Who This Helps
This is for the Growth Marketer who’s run the tests, knows what works, but hits a wall when asking for budget. You need to move from ‘interesting data’ to ‘approved plan.’ The Channel Basics: Offers & Creative course is your playbook for this exact moment.
Mini Case
Your A/B test shows a new ad creative is beating the control by 18% on click-through rate. You need $5,000 to scale it. You present the 18% lift. Your stakeholder asks, ‘So what does that mean for revenue next quarter?’ Cue the awkward silence. Let’s fix that.
Do This Now (5 Steps)
- Start with the ‘So What?’ Before building your deck, finish this sentence: ‘If we invest in this creative, we will ______ by [date].’
- Bridge Data to Dollars. That 18% CTR lift? Model it. Show how it translates to 150 more leads per month at our current conversion rate.
- Present One Clear Recommendation. Don’t give them three options to choose from. You’re the expert. Say, ‘We should allocate the $5K here.’

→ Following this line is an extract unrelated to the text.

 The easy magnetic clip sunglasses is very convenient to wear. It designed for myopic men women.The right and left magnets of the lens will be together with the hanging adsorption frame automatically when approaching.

- Visualize the Timeline. Use a simple Gantt chart. Block out 2 weeks for asset production, a 1-week soft launch, and the full 30-day campaign run.

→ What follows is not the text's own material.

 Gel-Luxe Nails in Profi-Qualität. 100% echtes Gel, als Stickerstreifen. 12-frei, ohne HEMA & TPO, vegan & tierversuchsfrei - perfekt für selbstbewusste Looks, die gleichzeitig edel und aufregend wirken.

- Define the Next Single Action. End your meeting by saying, ‘If you approve this today, I’ll have the first ad copy in your inbox by 5 PM.’ Make it easy to say yes.
Avoid These Traps
- The Data Dump: Flooding slides with every chart from your analytics platform. It’s overwhelming.
- Jargon Jungle: Using terms like ‘funnel velocity’ or ‘multi-touch attribution’ with non-technical stakeholders. They’ll tune out.
- The Apology: Starting with ‘This might not work, but…’ or ‘I’m not sure, however…’ Kill your own credibility before you start.
- No Clear Ask: Ending your presentation without a specific request for approval, budget, or resources.
- Ignoring Mission Problems: The course teaches you to diagnose issues like ‘offer-message mismatch.’ If that’s the core problem, don’t just ask for a new color palette on the ad.
Your Win by Friday
Your win isn’t a ‘maybe’ or a ‘let’s circle back.’ It’s a signed email approval for your test budget. Frame your analysis as a story of opportunity, not just a report. You’ll turn those stakeholder nods into a real ‘Go for it.’ Now go get that yes. You’ve got this.